Turkish Journal of International Relations

Turkish Journal of International Relations

Volume 2, Number 2, Summer 2003

 

Constructing a New Imperial Order? The War in Iraq and the Ideology of Clashism
By Seifudein Adem

 

Abstract

Less than a month after terror attacks hit New York and Washington D. C. in September 2001, America launched a war in Afghanistan. The result was abetting and quick: the Taliban regime was dislodged from power in a little more than a month; Al Qaeda, the parent organization of the perpetrators of the attacks, was driven out of its caves and was walloped. A debate was then sparked as to what this portends for the future of world politics. Observers and analysts all agreed on the epochal significance of the chain of events. On its deeper meaning, however, they were deeply divided.(1) Some saw the U.S.-led war in Afghanistan as the beginning of the clash of civilizations while others perceived it as heralding the age of the New Imperialism; still for others it marked the beginning of the Third World War.
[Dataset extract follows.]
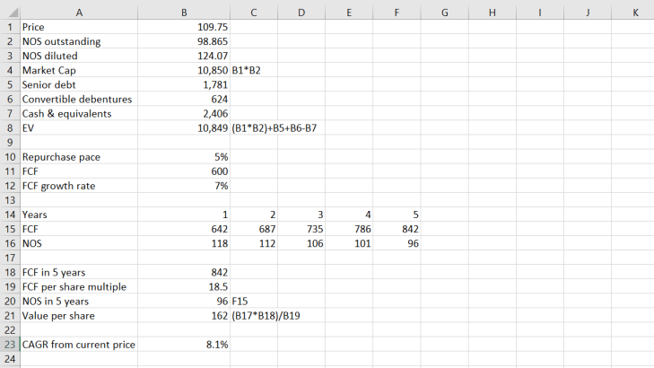 Para Verisign, hay tres cosas que juegan un rol muy importante. Uno es el paso de recompra de acciones. Verisign es un “caníbal” ya que ha comprado sus propias acciones de forma constante en el tiempo. Históricamente esta tasa de recompra ha estado por encima del 5% de forma anual, pero para ser conservadores asumiremos 5%. Segundo, el free cash flow ha crecido en promedio 7% durante los últimos 10 años, así que debido a la estabilidad del negocio y la poca ciclicidad que tiene, podemos usar el 7% como un buen referente de crecimiento hacia adelante. Por último, el múltiplo al que cotiza Verisign (P/FCF) es generalmente 20. Yo estoy utilizando 18x por ser conservador. Siempre he creído que es mejor sorprenderse del lado positivo a pecar de optimista y decepcionarse. La valuación se ve así:

It is useful to note here that many observers seemed sometimes to overlook that these scenarios are necessarily not mutually exclusive. (2) The Anglo-American invasion of Iraq in March 2003 appears, propitiously, to shed the much-needed light on these issues. The central argument of this paper is that the Anglo-American invasion of Iraq in the spring of 2003 demonstrates the world has been plunged into a clash of civilizations driven by America's new imperial impulse-a historical impulse, which has maintained a clear link to the past. (3) The paper focuses on political and academic discourse on the contemporary scene to explore how a new universe of discourse paralleling an emergent hegemonic order is being socially constructed.